Although B1 is presented as setting neutral, the first printing suggested locations for placing the module in the World of Greyhawk campaign setting (namely, Ratik, Tenh, and the Pale). This information was removed in subsequent printings.

==Plot summary==
Many years ago two wealthy adventurers, Rogahn the Fearless and Zelligar the Unknown, built a hidden complex known as the Caverns of Quasqueton. From this base, they conducted their affairs away from the prying eyes of civilization. While of questionable ethical standing, the two drove back a barbarian invasion and gained the support of locals. Eventually, they gathered their own army and went on an expedition against said enemies, where they met their demise.

The player characters (PCs) enter the story at this point, hearing a variety of rumors provided in the module. Each PC knows one or more of the stories although the veracity of them is somewhat questionable. The rumors mostly involve a great treasure hidden somewhere in the Caverns of Quasqueton, which the PCs can enter from a cave-like opening.

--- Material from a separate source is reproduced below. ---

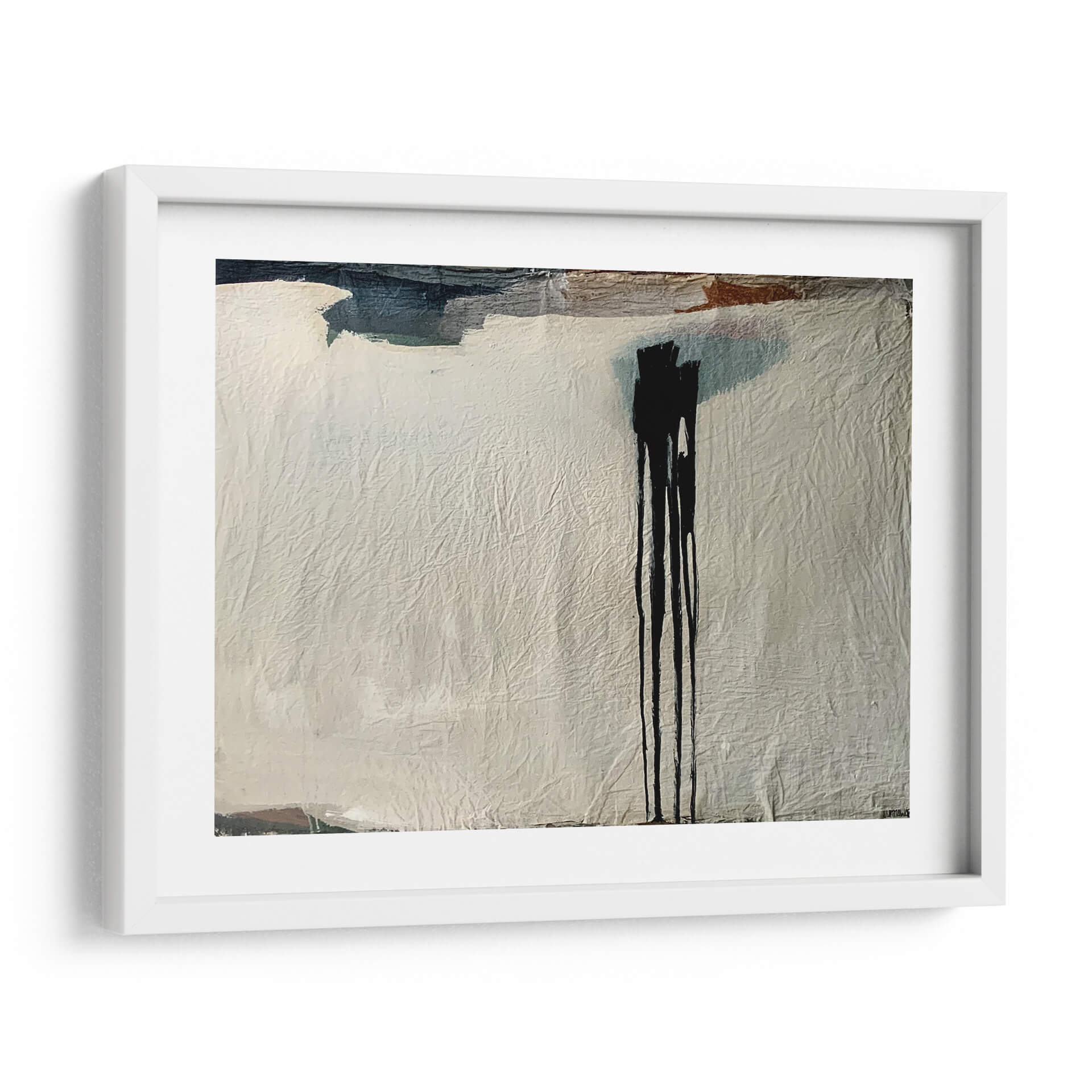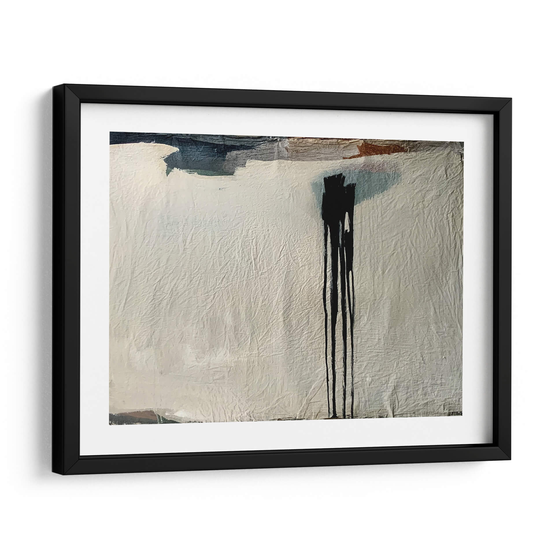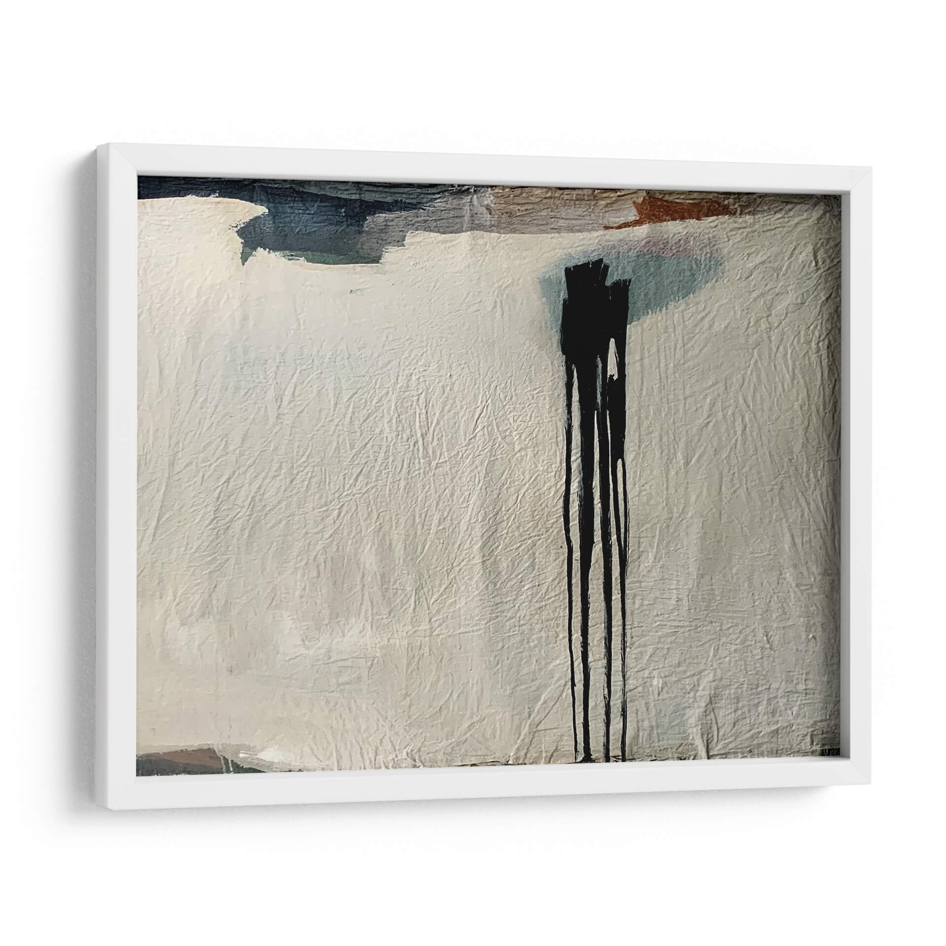 Sumérgete en la enigmática belleza de "Nieve Negra", una obra de arte abstracto contemporáneo de LUNNAWABI que desafía las convenciones. Esta pieza cautiva con su textura rica y su dramático contraste, donde pinceladas audaces en tonos oscuros, incluyendo un negro profundo e intenso, se despliegan sobre un fondo de suaves grises y blancos texturizados. Las sutiles inclusiones de tonos tierra y azules añaden profundidad y un matiz inesperado, creando una composición visualmente rica que invita a la contemplación. La técnica del dripping, evident en las caídas verticales de tinta negra, aporta un dinamismo crudo y una sensación de movimiento, como si la nieve estuviera cayendo o la tinta fluyendo libremente. "Nieve Negra" es más que una simple decoración; es una declaración de estilo que evoca misterio, introspección y una elegancia moderna. Ideal para espacios que buscan un toque de sofisticación y un punto focal intrigante, este cuadro decorativo se adapta perfectamente a salones contemporáneos, estudios minimalistas o incluso como una pieza de acento en una oficina. Permite que la intensidad y la sutileza de esta obra transformen tu entorno, añadiendo una dimensión artística única y una atmósfera de reflexión serena.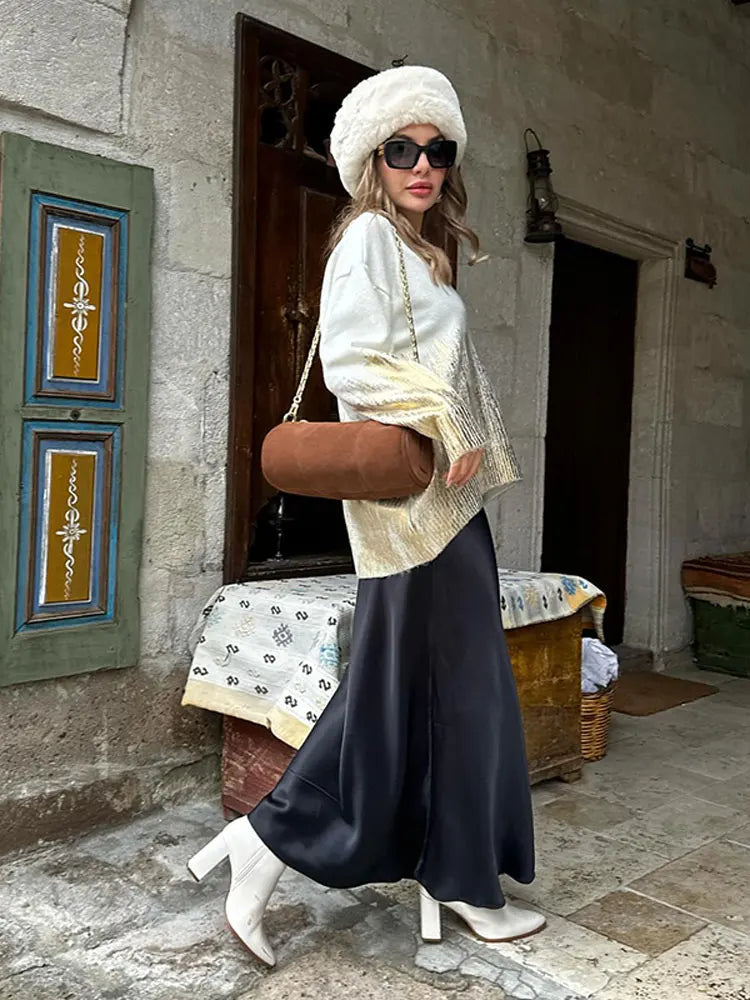 maoxiangshop - Loose Tie Dyed Shiny Metallic Sweater Women Round Neck Long Sleeve Knit Pullover 2024 Spring Autumn Fashion Lady Street Jumper

A variety of monsters wander through the finished upper level of the dungeon including orcs, troglodytes, and giant rats. The DM checks periodically to see if the group encounters these menaces in addition to the dangers in each individual room. Most of the rooms come with blank spots where the DM fills in whatever monster or treasure is most suitable for their campaign.

The finished upper level served as a home for Rogahn and Zelligar and contains much of their personal possessions. A number of traps await an unwary group. Some of these rooms include an area filled with pools (some hazardous and others not) and a wizard's laboratory.

The randomly generated monsters in the lower, unfinished level differ from those above and include zombies and goblins. Some of the pre-filled rooms on this level include a museum, an arena, and grand cavern, but many of the caves on this level include no description at all and the DM must devise contents for these areas.

The end of the module includes a list of foes and treasure for the group to fight and find. It also includes a list of characters of various classes the group might encounter while exploring the dungeon. Also included are a number of pre-generated characters the group might use to play through the adventure.

==Reception==
With its simple, straightforward plot and design, In Search of the Unknown was regarded as a good introduction to running the D&D game.

Don Turnbull reviewed In Search of the Unknown in issue No. 13 of the magazine White Dwarf (June/July 1979), and gave the module a rating of 9 out of 10. He compared this module to Against the Giants and Descent into the Depths of the Earth, complimenting In Search of the Unknowns "excellent format, for instance, and the comprehensive way in which the scenario is introduced. TSR's high quality has not been in any way compromised." Turnbull criticized the module's use of Roman numerals as references, stating that ordinary numerals do the job much better.

The module was reviewed in Shadis magazine in 1996.

Ken Denmead of Wired listed the module as one of the "Top 10 D&D Modules I Found in Storage This Weekend". According to Denmead, the module is "a classic dungeon crawl for beginning characters".

John Sprunk of Black Gate commented on his recollections of the adventure, as part of the basic D&D box set: "I was hooked from the start, controlling this awesome new game that stretched our imaginations. Even though it’s been more than thirty years, I still remember the cool tricks and traps. Especially the chamber of pools, the teleportation rooms, and the young red dragon I placed in one of the dungeon storerooms just for fun." Commenting on In Search of the Unknown in Black Gate, James Maliszewski said "It held my hand just enough to teach me what dungeon maps should look like and how to stock them. In this purpose, I think it's unsurpassed, which is why I think it a shame that later versions of the Basic Set (both the version I owned and the later 1981 edition) included The Keep on the Borderlands instead. That's no knock against module B2, which is a classic in its own right, but it's not very good as a tutorial for tyros."